Test 08 - Large malloc() greater than 4096

name = "08"
input = ["python3", "runxv6.py", "memtest m 0 10000 A0 p s c 12288"]
expected = """
$ memtest m 0 10000 A0 p s c 12288
[USED] name = A0 boff = 0 bhsz = 32 bsz = 10032 doff = 32 dsz = 10000
[FREE] name = NONE boff = 10032 bhsz = 32 bsz = 2256 doff = 10064 dsz = 2224
malloc_summary():
used  : 10000
free  : 2224
over  : 64
u+f+o : 12288
total : 12288
mem_check() passed with heap <= 12288

This test makes sure you can request more than 4096 bytes from the kernel with sbrk(). That is, you need to request a multiple of 4096 that can satisify the malloc() request.

Test 09 - Merging last FREE block with sbrk() memory


$ memtest m 0 3000 a0 m 1 5000 a1 p s c 8192
[USED] name = a0 boff = 0 bhsz = 32 bsz = 3032 doff = 32 dsz = 3000
[USED] name = a1 boff = 3032 bhsz = 32 bsz = 5032 doff = 3064 dsz = 5000
[FREE] name = NONE boff = 8064 bhsz = 32 bsz = 128 doff = 8096 dsz = 96
malloc_summary():
used  : 8000
free  : 96
over  : 96
u+f+o : 8192
total : 8192
mem_check() passed with heap <= 8192

In this case, there is not enough space in the heap for the second malloc(). However, you don’t just want to increase the heap by a multiple of 4096. You need to only increase the heap by the amount needed if we combine the last FREE block with a new FREE block from extending the heap. That is, this test make sure you don’t allocate more heap space than needed for the request.

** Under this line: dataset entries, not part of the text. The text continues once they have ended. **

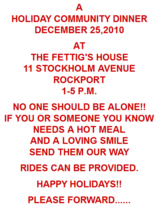 HOLIDAY COMMUNITY DINNER DECEMBER 25, 2010 AT THE FETTIG’S HOUSE
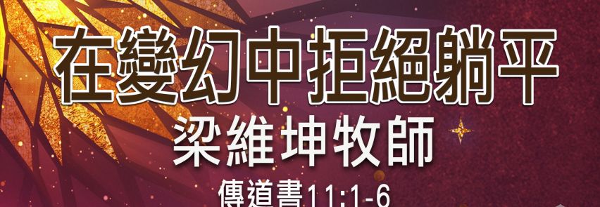在變幻中拒絕躺平 梁維坤牧師 2024-07-14 粵語講道 傳道書11:1-6 要有投資才有指望有收穫 要冒險行動不要錯失時機 要勤力工作將結果留給神 Share: Post navigation ← 使我作祢和平之子 建立一顆僕人的心與王見面 →
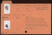 | Description: | Large handle, triangular, set at an angle to the body of the lamp; triple ridge down center, from which spring several diagonal ridges, giving a leaf-like effect. The back of the handle has a very low double ridge, continous with a similar base ring. The handle is hollow, continuous with the interior of the lamp. No trace of glaze. Pinkish-buff clay. Type XXVIII (?) of Corinth collection. | |

Test 10 - Large malloc()s and free()s

$ memtest m 0 5000 A0 m 1 5000 A1 m 2 5000 A2 m 3 5000 A3 f 2 f 3 p s c 20480
[USED] name = A0 boff = 0 bhsz = 32 bsz = 5032 doff = 32 dsz = 5000
[USED] name = A1 boff = 5032 bhsz = 32 bsz = 5032 doff = 5064 dsz = 5000
[FREE] name = NONE boff = 10064 bhsz = 32 bsz = 10416 doff = 10096 dsz = 10384
malloc_summary():
used  : 10000
free  : 10384
over  : 96
u+f+o : 20480
total : 20480
mem_check() passed with heap <= 20480

This test does 4 large (greater than 4096) malloc() calls and two free() calls to make sure you are managing the heap (block list) properly with larger requests.